Nashville, du nom d’une ville du Tennessee aux Etats-Unis, réussit pourtant là où d’autres nouvelles productions ont échoué : utiliser une recette classique sans pour autant donner dans le kitsch. La série a tout pour déplaire et pourtant, il faut avouer que les épisodes fonctionnent extrêmement bien.

 

Le personnage au cœur de l’histoire n’est autre que Deacon Clayborne, un musicien talentueux au passé tumultueux que les deux chanteuses s’arrachent et qui hésite à trahir son amour de jeunesse, Rayna, pour les beaux yeux de la jeune Juliette et la stabilité financière que lui apporterait un job à ses côtés. Étonnamment, l’alchimie entre les personnages fonctionne, avec Hayden Panettiere en tête, qui se démarque de son rôle de chearleader invincible dans Heroes pour endosser le costume de la jeune célébrité en quête de plus de profondeur.
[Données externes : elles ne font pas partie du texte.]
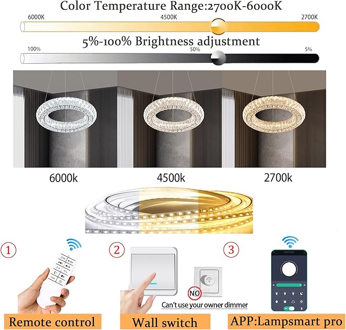 - ✨【Dimmable LED Crystal Ring Chandelier】: 8W.720Lumens. Including built-in LED light source,and remote control dimmable 3000-6000K color temperature, 5%-100% brightness adjustment,the chandeliers have their own dimmers, which can adjust different light colors according to mood. The AC85-256V voltage can be anywhere .
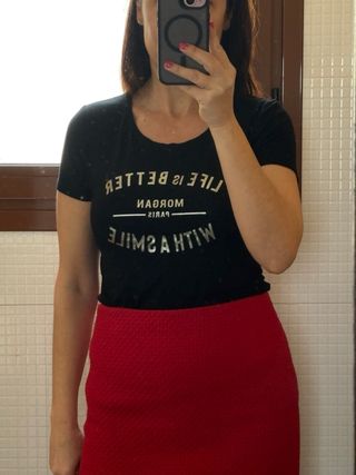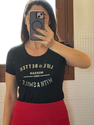 Camiseta negra de la marca Morgan con un diseño estampado. - Estampado frontal con texto. - Cuello redondo. - Manga corta.
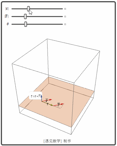 当我们再扳手上用一个力 F 转动一个螺栓时, 就产生一个转矩作用在螺栓的轴上以使螺栓前进. 转矩的大小依赖力作用在扳手多远的地方和多大的在作用点垂直于扳手的力. 转矩的大小 τ 是杠杆 r 的臂长和 F 的垂直于 r 的数量分量的乘积
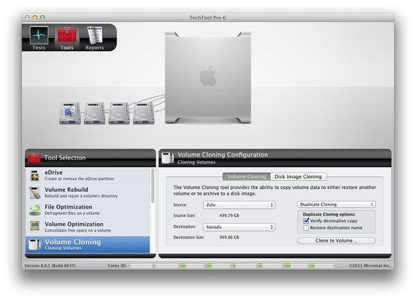 成交量除了測試的硬碟機的磁碟目錄重建,TechTool Pro還能夠執行完整的重建他們。這優化了這些
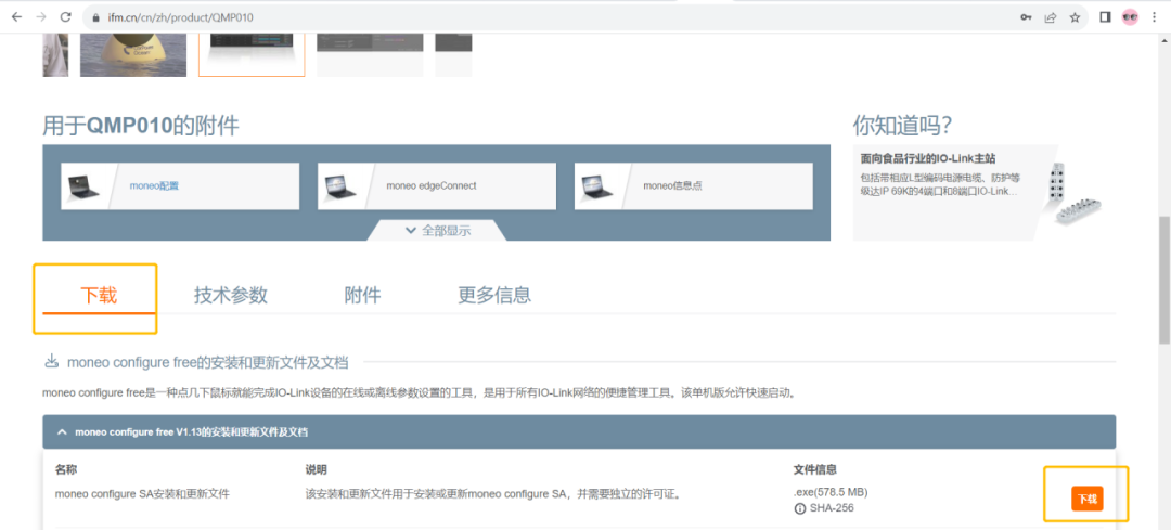 官網(wǎng)搜索QMP010,點(diǎn)擊下載,并運(yùn)行安裝包(該步驟需在官網(wǎng)注冊并登錄您的ifm賬戶)
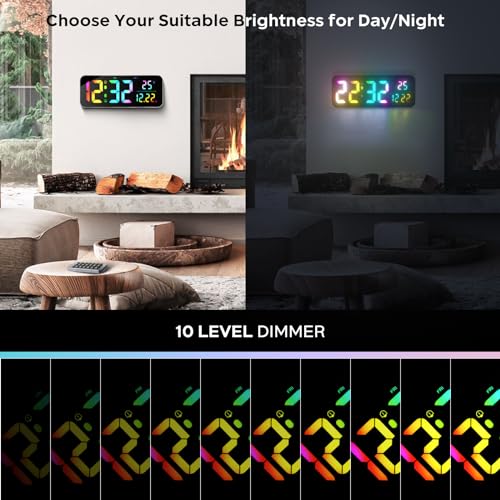 Orologio da Parete Digitale 25cmx 16cm Grande Sveglia Digitale Sveglia Digitale da Comodino, LED Orologio da Parete con Telecomando Dimmerabile Date Snooze 12/24 H per Soggiorno, Cucina, Casa, Ufficio

Une des dernières scènes du deuxième épisode de Nashville est en cela très parlante ; Deacon invite sur la scène d’un bar intimiste une « grande amie » pour chanter avec lui. Alors que Juliette va se lever pour chanter, c’est en fait Rayna, qui est venue voir le guitariste jouer, qui est appelée par ce dernier et ovationnée par la foule. Juliette retient ses larmes mais reste dans le bar, au milieu d’une foule de passionnés de musique qui ne la reconnaît même pas, les larmes aux yeux à fredonner la chanson que le duo est en train d’interpréter.

 

Il est en effet indéniable que le talent de certains acteurs porte une partie de la série. On peut malgré tout regretter certaines intrigues, comme lorsque le père de Rayna convainc le mari de cette dernière (l’insipide Eric Close, qui réussit le pari d’avoir encore moins d’expressions faciales que dans FBI : Portés Disparus) d’être candidat à la mairie afin d’avoir un homme politique dans sa poche pour mener à bien ses petites magouilles.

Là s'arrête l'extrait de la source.